03 January 2026

Now We Know Why Rudolph’s Nose Was So Bright

It turns out that because of their proclivity for eating lichen, and lichen's proclivity for absorbing radioactive fallout, reindeer are among the most radioactive creatures on earth, which must be a bummer for the Sámi,  Inuit, and Yupik peoples, for whom reindeer herding remains a cultural and dietary touchstone.

In 1986, after the Chernobyl disaster, the Earth Island Journal ran a story titled “Rudolph the Rad-Dosed Reindeer?” In the article, Gar Smith described fears that radioactive Cesium-137 had contaminated reindeer, threatening the health and livelihoods of the indigenous Sami people. Government officials tried to reassure people about the level of danger, but Smith remained skeptical.

In fact, scientists had been aware of fallout-contaminated reindeer for decades. In the 1960s, the discovery of contaminated caribou triggered a major public health investigation in Canada. Historian Jonathan Luedee describes how, in their efforts to unravel the mystery, scientists and politicians grappled with the reality of a nuclearized world.

“Between 1953 and 1958,” Luedee explains, “the US, UK, and the Soviet Union conducted more than 220 atmospheric nuclear tests,” leading to concerns about widespread ecological contamination. Caribou were already on scientists’ minds. Their population had been mysteriously declining, and Indigenous groups in northern Canada had long relied on caribou meat. Early radiation studies showed that caribou had “higher exposure levels than other grazing animals, including groups of animals located closer to nuclear testing sites,” Luedee writes. Then, in 1959, Canadian botanist Eville Gorham noted high levels of radioactive material in lichen.

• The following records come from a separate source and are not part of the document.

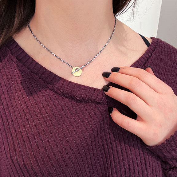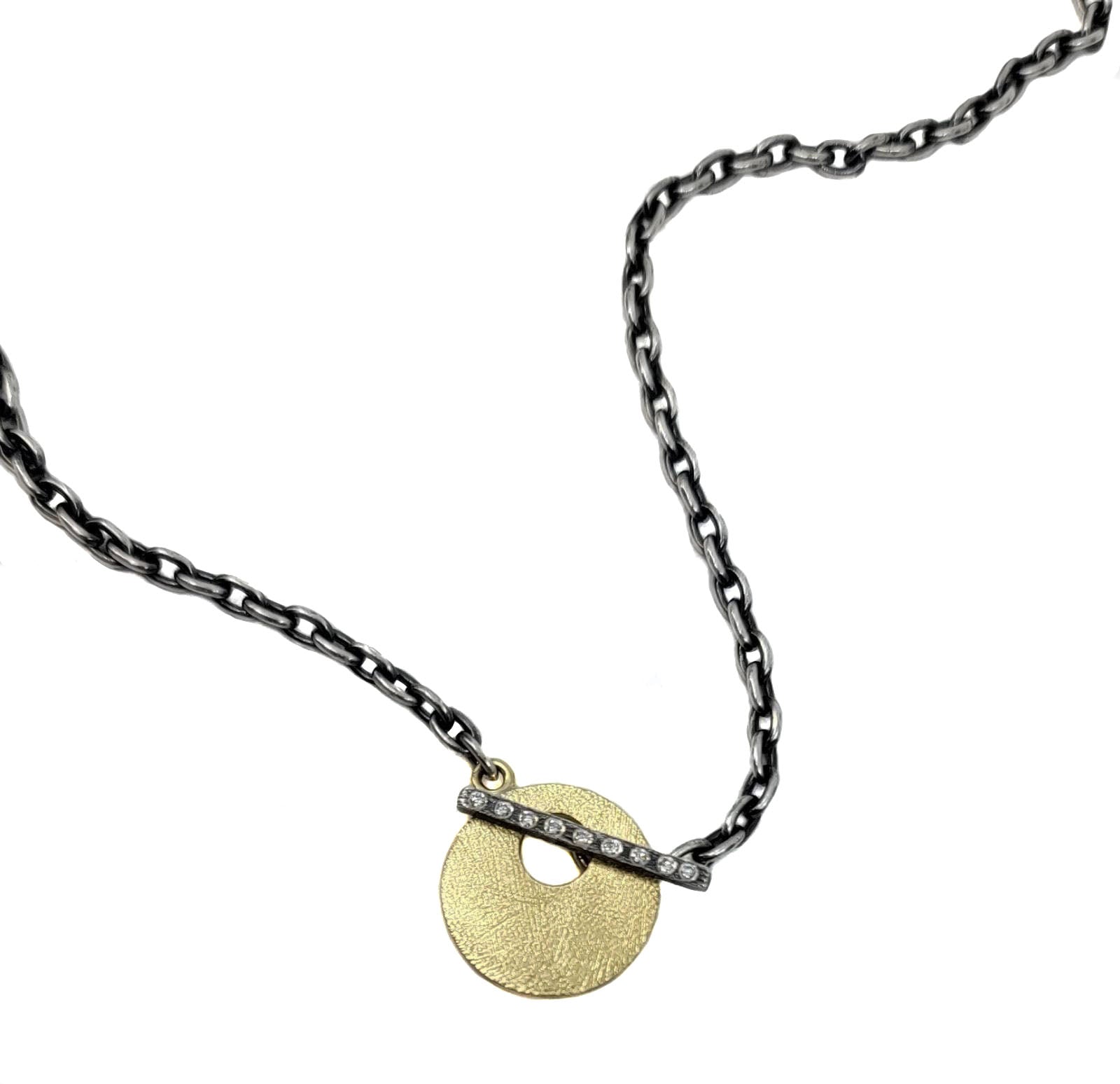The Claire SM Necklace by Rene Escobar is made out of 18k yellow gold and sterling silver with a 17 inch chain with 0.09 tcw white diamonds are flush set in the toggle clasp.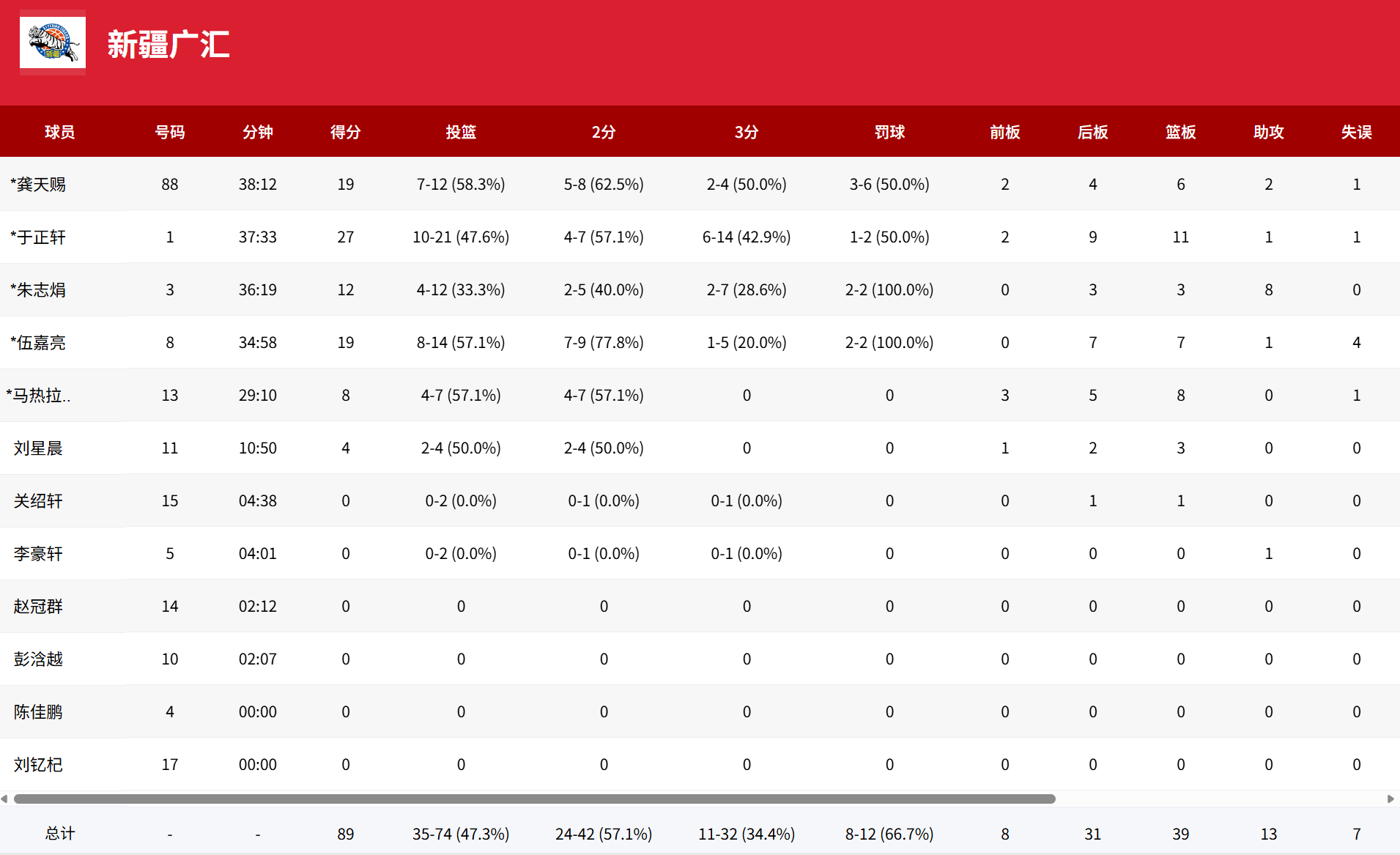 [赛后]新疆94-76广州,阿不都沙拉木18分10板7助,威金顿21分4助1冒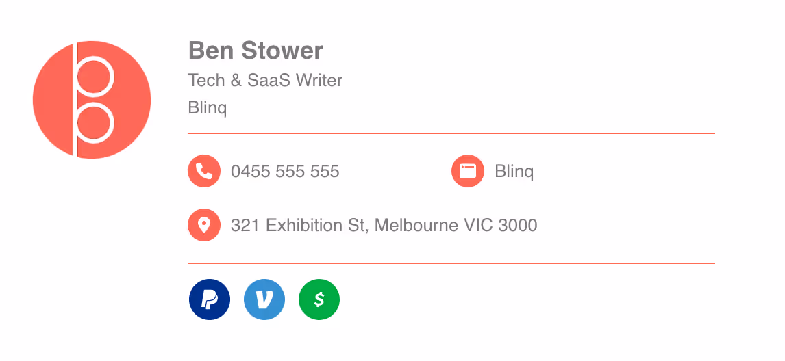 If you run an ecommerce business or any organization that benefits from online transactions, including links to payment platforms in your email signature can help streamline the buyer journey. You can embed your own links into your signature or use a platform like Blinq to include links to payment options at the bottom. We have link buttons to PayPal, Venmo and CashApp, but you can also add custom website links to other forms of payment.

After a brief testing pause, the Soviet Union resumed nuclear weapons tests in the Arctic skies in 1961. Fallout from years of testing gradually fell onto lichen. Animals grazed on the lichen, absorbing radioactive particles into their bones and their flesh.

……… 

After several more years, they determined that human exposure had peaked in 1965, then declined. But Luedee points out that “even at 1965 levels, the amount of Cesium-137 detected in caribou meat was more than 580 times greater than that found in Ottowa’s poultry sample.” 

On a personal note, I recall eating reindeer sausage when I was a child in Alaska, around 1967.

Sweet.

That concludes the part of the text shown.